=== Section Start ===
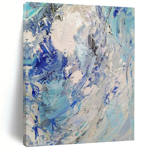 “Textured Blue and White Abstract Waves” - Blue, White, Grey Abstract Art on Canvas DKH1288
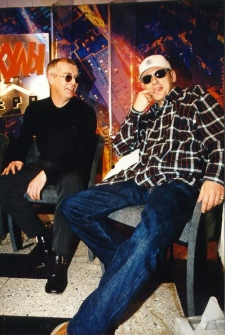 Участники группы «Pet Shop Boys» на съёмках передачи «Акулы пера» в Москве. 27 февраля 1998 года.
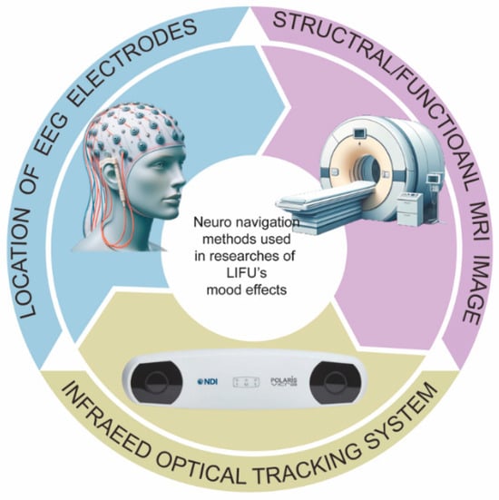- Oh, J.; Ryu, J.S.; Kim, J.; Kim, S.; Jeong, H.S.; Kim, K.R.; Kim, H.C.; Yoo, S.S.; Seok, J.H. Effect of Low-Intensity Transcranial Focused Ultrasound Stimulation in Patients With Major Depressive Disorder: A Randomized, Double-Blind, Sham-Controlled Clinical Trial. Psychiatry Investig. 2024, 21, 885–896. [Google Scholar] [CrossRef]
=== Section End ===
*Task goal:* The lines from the one containing "февраля 1998 года." to the final line of the material, both ends included, should be retyped exactly and alone, with no pictures.

*Solution to this problem:*
 Участники группы «Pet Shop Boys» на съёмках передачи «Акулы пера» в Москве. 27 февраля 1998 года.
- Oh, J.; Ryu, J.S.; Kim, J.; Kim, S.; Jeong, H.S.; Kim, K.R.; Kim, H.C.; Yoo, S.S.; Seok, J.H. Effect of Low-Intensity Transcranial Focused Ultrasound Stimulation in Patients With Major Depressive Disorder: A Randomized, Double-Blind, Sham-Controlled Clinical Trial. Psychiatry Investig. 2024, 21, 885–896. [Google Scholar] [CrossRef]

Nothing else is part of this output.